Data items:
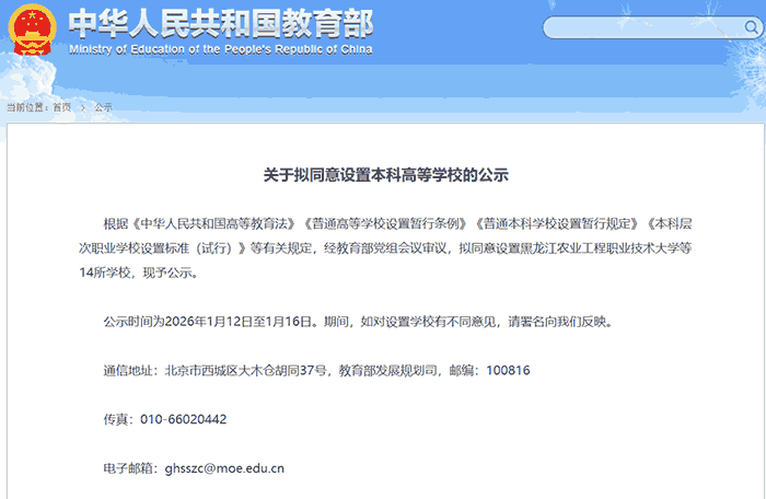 1月12日,据教育部网站消息,教育部拟同意设置14所本科高等学校。根据公示名单湖州师范学院更名湖州师范大学。
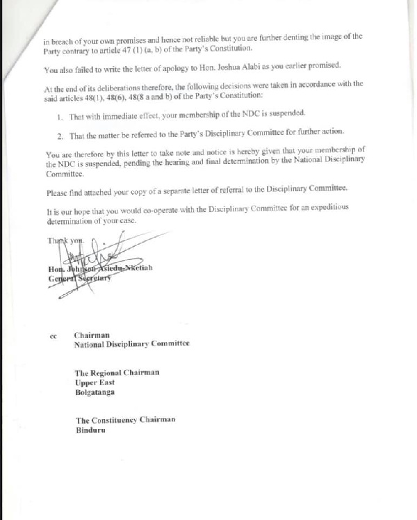 1. That with immediate effect, your membership of the NDC is suspended.
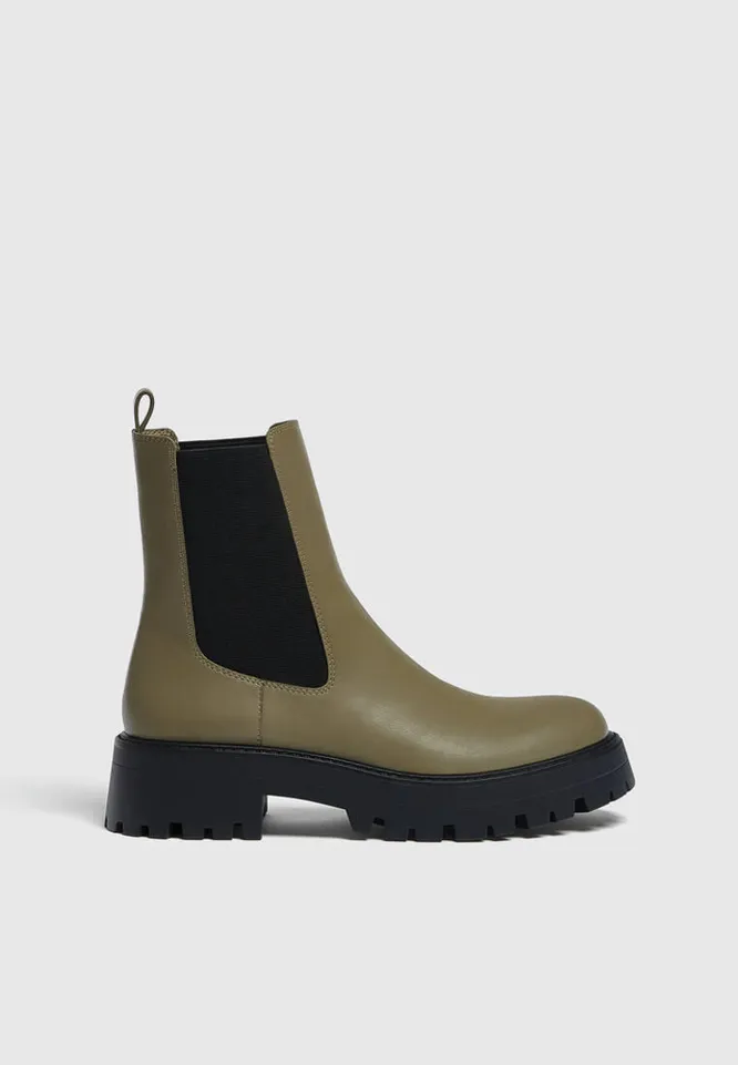 Хаки – один из трендовых цветов зимы, который не выходит из моды уже несколько сезонов подряд. Женские ботинки челси цвета хаки на грубой подошве станут универсальной парой обуви на любой случай. Можно надеть их с кожаными брюками-бананами и узорчатым свитером с объемными плечами, с женственными платьем и удлиненным пиджаком мужского кроя или с темным трикотажным костюмом из оверсайз-худи и джоггеров.
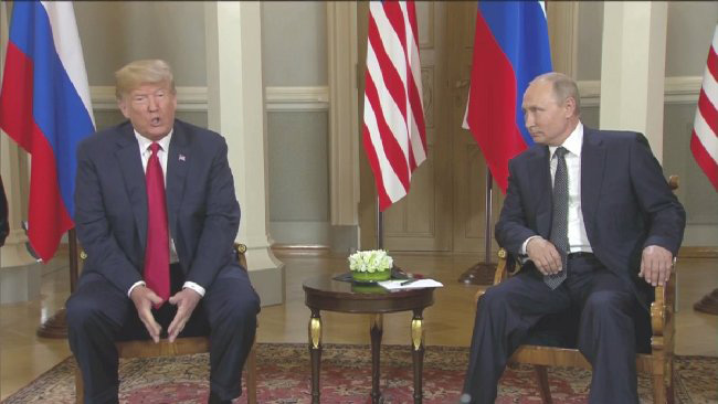 俄羅斯總統普京和美國總統特朗普在芬蘭首都赫爾辛基舉行會晤后,兩人舉行了聯合記者會。
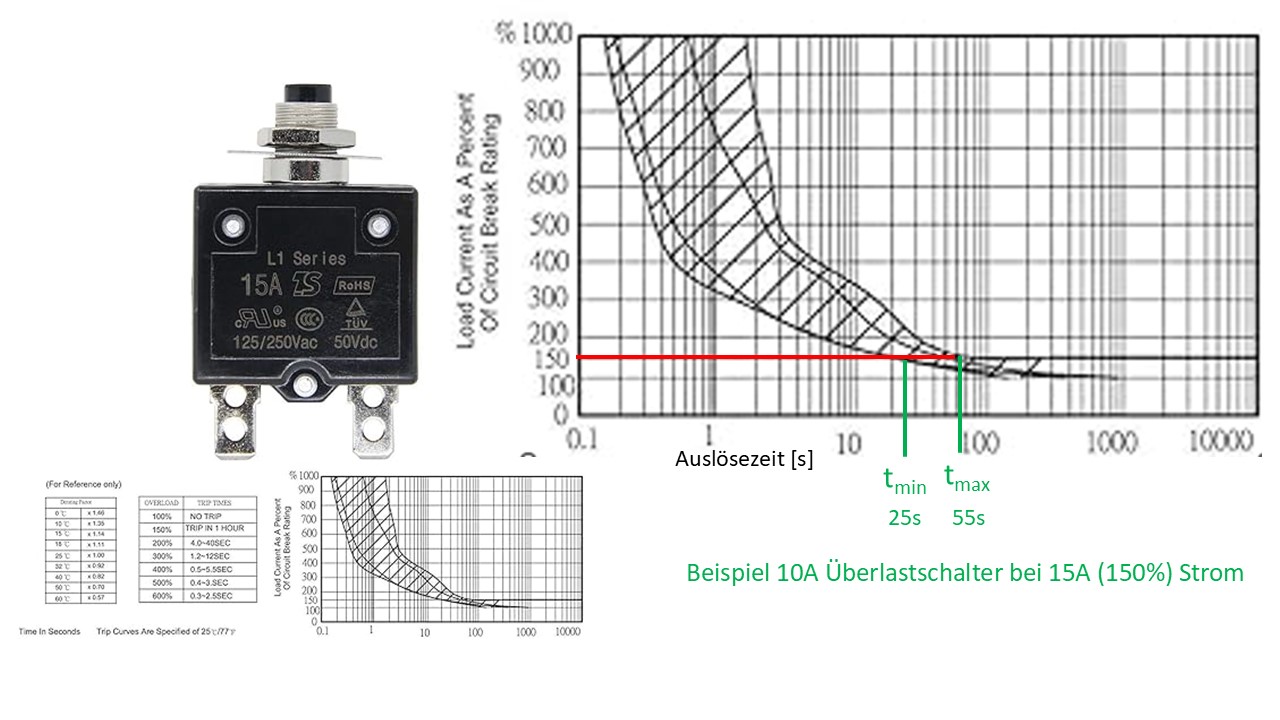 Diese Überlastsicherungen funktionieren mit einem Bimetall. Die lösen nicht sofort aus. Das hängt immer von der Überlast ab. Hier ein Beispiel von einer 10A Überlastsicherung bei einem Strom von 15A (150%). Da gibt es zwei Auslösezeiten, tmin (kann auslösen, muss aber nicht) liegt bei ca. 25 Sekunden, tmax (muss auslösen) liegt bei ca. 55 Sekunden. |

* What is being asked
Repeat the exact lines from the first line of the data through the line containing "1. That with". Nothing else, no pictures.

* Response box
 1月12日,据教育部网站消息,教育部拟同意设置14所本科高等学校。根据公示名单湖州师范学院更名湖州师范大学。
 1. That with immediate effect, your membership of the NDC is suspended.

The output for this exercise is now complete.